[Records from a data collection]
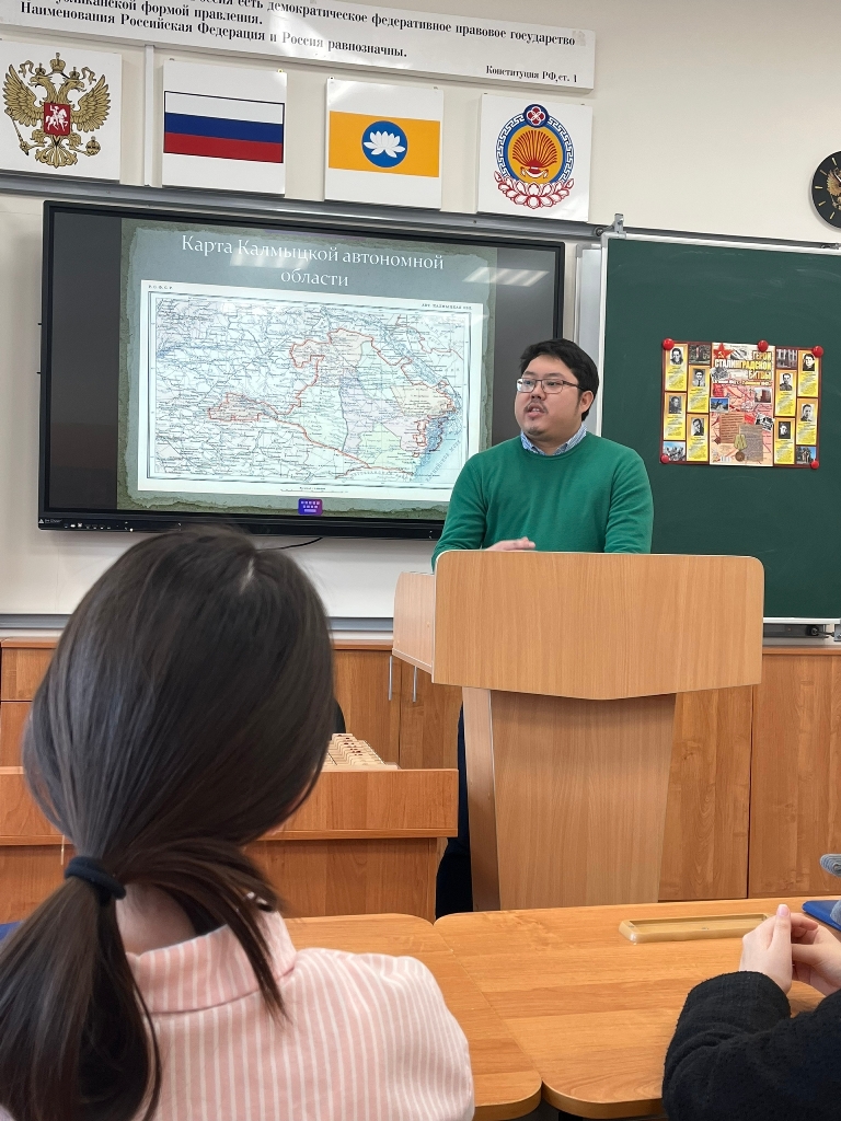 5 февраля младший научный сотрудник отдела истории КалмНЦ РАН Н. А.Шиханов провел лекцию на тему «Калмыкия в 1920-1930-ые гг.» для учащихся 10 «Г» класса Элистинского лицея. Мероприятие было приурочено ко Дню российской науки. Лицеисты ознакомились с малоизвестными страницами истории калмыцкого народа. В ходе оживленной беседы участники затронули вопросы создания Калмыцкой автономии и развития экономики, образования и медицины в предвоенные годы, предшествующие Великой Отечественной войне 1941-1945 гг. Особое внимание привлекли фотографии довоенной Элисты. Отдельные слова благодарности выражаются учителю истории и обществознанию К. Э. Манцевой.
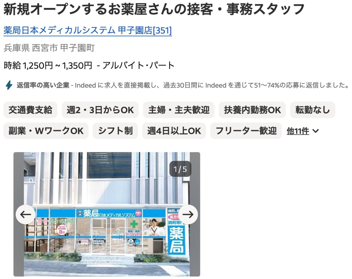 新規オープンするお薬屋さんの接客・事務スタッフ – 〒663-8152 兵庫県 西宮市 甲子園町 – Indeed.comより引用
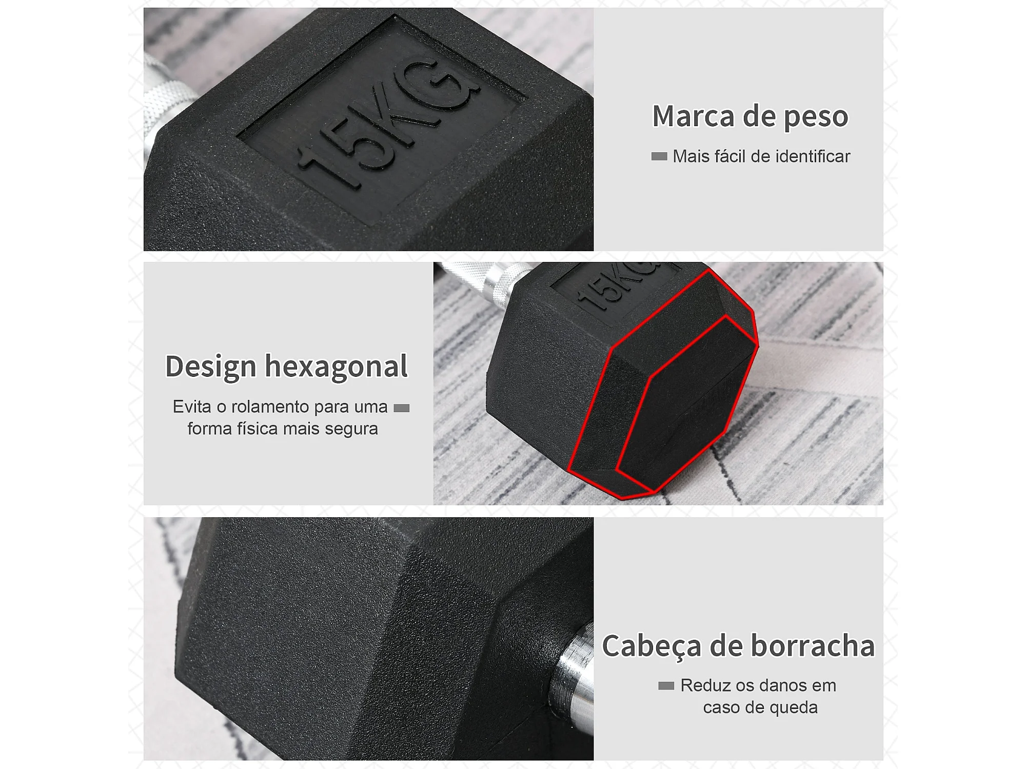 Haltere Hexagonal de 15 kg com Barra de Conexão Metálica para Treinos em Casa ou Escritório - Modelo Chamonix Preto e Prata
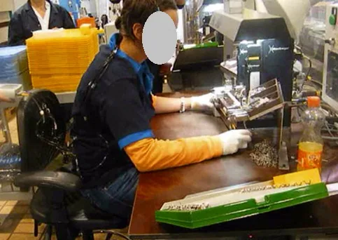 Deze medewerkster neemt een lamp en legt deze voor haar op het stellasapparaat. Vervolgens neemt ze verschillende component en legt deze op de fitting om ze erop vast te lassen. De afgewerkte lamp wordt op de groene tray gelegd. Volgende risico’s uit de Ergonomie Check zijn op deze werkpost aanwezig:
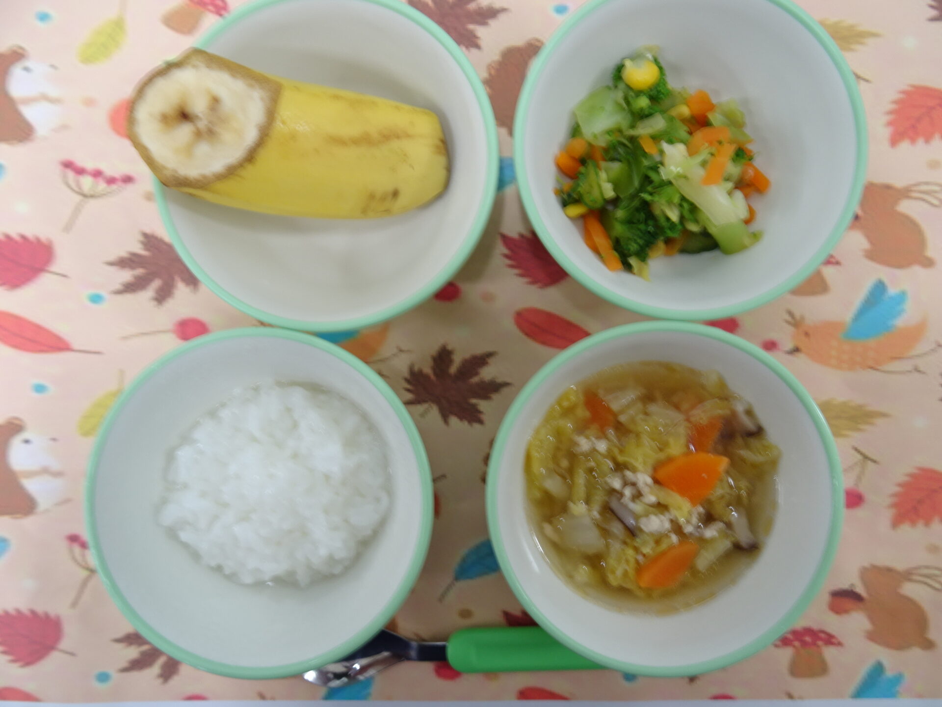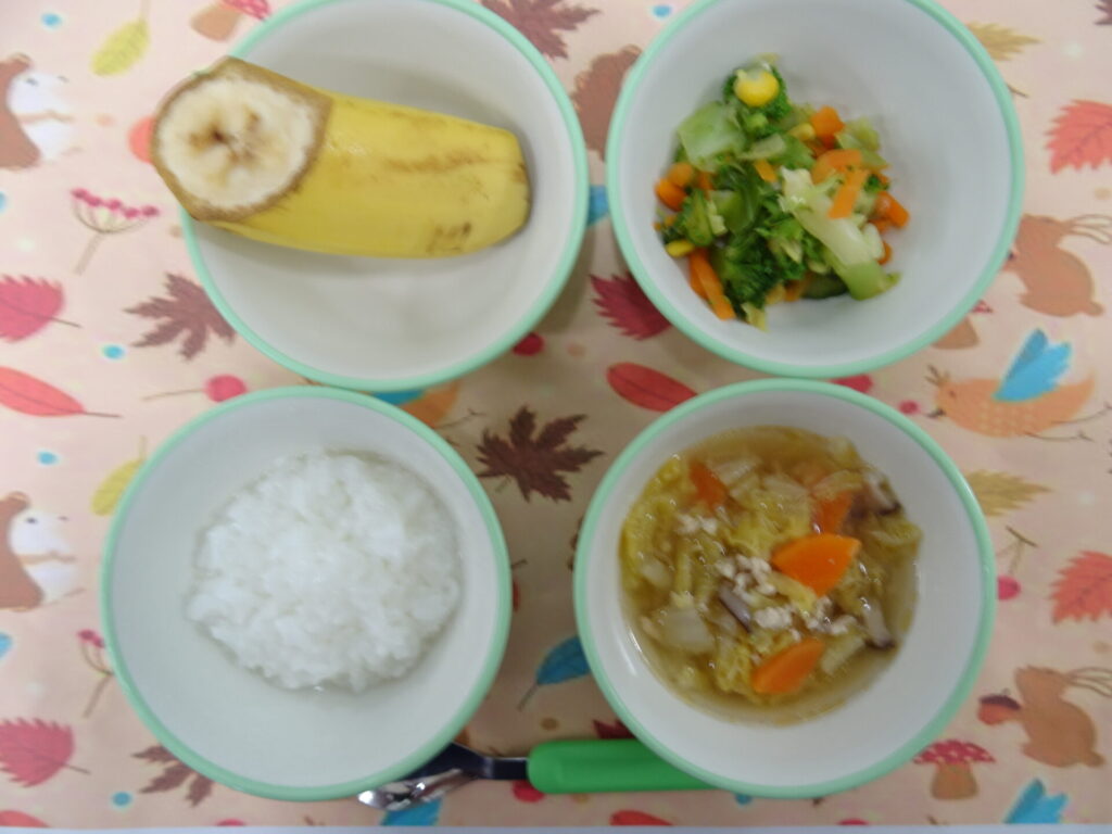 11月14日㈮ 離乳食 軟飯 ブロッコリーサラダ 鶏肉と白菜のスープ バナナ

**YOUR INSTRUCTIONS**
Repeat only the lines between the start of the data and the line with "Haltere Hexagonal de", including those two lines, and skip the pictures.

**SOLUTION TO THIS PROBLEM**
 5 февраля младший научный сотрудник отдела истории КалмНЦ РАН Н. А.Шиханов провел лекцию на тему «Калмыкия в 1920-1930-ые гг.» для учащихся 10 «Г» класса Элистинского лицея. Мероприятие было приурочено ко Дню российской науки. Лицеисты ознакомились с малоизвестными страницами истории калмыцкого народа. В ходе оживленной беседы участники затронули вопросы создания Калмыцкой автономии и развития экономики, образования и медицины в предвоенные годы, предшествующие Великой Отечественной войне 1941-1945 гг. Особое внимание привлекли фотографии довоенной Элисты. Отдельные слова благодарности выражаются учителю истории и обществознанию К. Э. Манцевой.
 新規オープンするお薬屋さんの接客・事務スタッフ – 〒663-8152 兵庫県 西宮市 甲子園町 – Indeed.comより引用
 Haltere Hexagonal de 15 kg com Barra de Conexão Metálica para Treinos em Casa ou Escritório - Modelo Chamonix Preto e Prata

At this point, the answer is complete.